Выбрать главу

– До сих пор с их стороны не наблюдалось ни малейшей воли к диалогу. Прилетали, все уничтожали, похищали детей, а взрослым вырывали сердца.

– Тогда следует осуществить жест доброй воли, иль Кане, показать, что ты ценный и надежный союзник.

Говоря это, он вставил пальцы в глазницы черепа, словно бы желал метнуть его в меня будто игроки в боулинг.

– И как же ты намереваешься это сделать, il prete (священник – ит.).

Слово "брат" как-то не прошло через уста.

– Увидишь, вскоре увидишь. – Ты и твои товарищи…

Он замолк и осторожно положил череп на Библию.

* * *

Обошлось без пыток. У fra Якопо не было намерения меня допрашивать. Похоже, ему было известно все, что он желал знать. Я вернулся в подвал, где мы, подавленные, сидели весь день и ночь. Я ожидал в любой момент увидеть остальную часть нашей группы, схваченную солдатами. Но так не наступило до последующего утра, когда меня вновь затащили пред лицо fra Якопо.

– Ты проиграл, иль Кане, – засмеялся от, скаля испорченные зубы. – Твои дружки сбежали, бросая лагерь и труп священника. В панике они даже не позаботились похоронить его. Встреченный индеец рассказывал, что они бежали в сторону Аламогордо, так что пыль столбом. Но не бойся, я выслал за ними своих людей, так что, рано или поздно, эти трусы либо заплатят жизнью, либо станут хорошим подарком для Серебристых. Только мы не станем жать, а сразу же приступим к реализации моих планов.

Нас вывели из подвала, и сердца наши пронзила боль – в навозной куче, на посмешище черни, лежал труп Педро Гомеса. Несмотря на это осквернение, на его лице рисовались покой и достоинство, а на губах я даже, вроде как, заметил тень улыбки. Неужели в последнее мгновение своего земного существования он видел открывающиеся пред ним райские врата? А может, еще раз хоте сказать нам то, что говорил неоднократно: "Не бойтесь. Мы выиграем!".

Все же, сложно было оставаться оптимистом. Мне моя судьба уже казалась предрешенной. В палящем солнце нас погрузили на повозку, и в сопровождении группы вооруженных людей мы направились в сторону запада. За нами двинулись три телеги, нагруженные хворостом. А зачем эта древесина? Неужто мстительный доминиканец намеревался изжарить нас на костре?

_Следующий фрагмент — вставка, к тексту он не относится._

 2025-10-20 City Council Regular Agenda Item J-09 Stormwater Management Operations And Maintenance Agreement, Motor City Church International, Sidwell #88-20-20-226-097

Fra Якопо на черном мустанге не собирался долго скрывать своих намерений; наоборот, о них он распространялся со злорадной откровенностью:

– Мы начнем диалог с Серебристыми, вас предложим им в подарок и в качестве стимула для последующих переговоров.

Я пытался отвести его от этого замысла, повторяя:

– Ты совершаешь ошибку, il prete, напрасно рассчитывая на то, что они могут желать вступать в переговоры. Они желают нас только лишь уничтожить!

Правда, с таким же успехом я мог убеждать мула в важности неэвклидовой геометрии.

Через пару часов караван достиг обреза пустынного плоскогорья, серого и печального, в чем-то напоминавшего мне ту перуанскую пустыню Наска, в которой туземцы когда-то изготовили свои гигантские рисунки, желая обратиться к космическим богам по непонятным для нас вопросам. Fra Якопо, сам не зная того, занимался плагиатом.

– Мы подадим им сигнал, – говорил доминиканец. – Вас оставим в этой вот котловине, а ночью вокруг вас загорятся костры, составленные в громадную надпись: "Enamigos". Если они все время наблюдают за Землей сверху, как ты пытаешься внушить в своих записках, они прибудут сюда, захватят вас и сориентируются, что вместе со своим оружием и инструментами вы представляете собой подарок, доказывающий мою дружбу.

* * *

О чем я размышлял в тот вечер? О моменте, в котором почувствую разрез обсидиановым ножом? Не помню. Фруассарт, казалось, принимал приговор судьбы со стоическим спокойствием. Ансельмо иногда плакал, словно ребенок, предлагая нашим стражам за освобождение все сокровища царя Соломона, эликсир жизни и вечное спасение, аминь. Только следящие за нами солдаты не были склонными к какой-либо торговле. Эбен молчал, но, судя по рисующимся на его лице усилиям, он пытался ослабить связывающие его веревки. Это заметил один из охранников, рявкнул что-то по-испански и прикладом ружья стукнул негра по голове. Результат: приклад кремниевого ружья раскололся на куски, а на твердом черепе чернокожего появилась приличных размеров шишка. Солдат только выругался и подтянул узлы. Одной надеждой на спасение меньше.

Время неумолимо продвигалось вперед. Вскоре наступили сумерки. Солнце заходило среди кровавых облаков.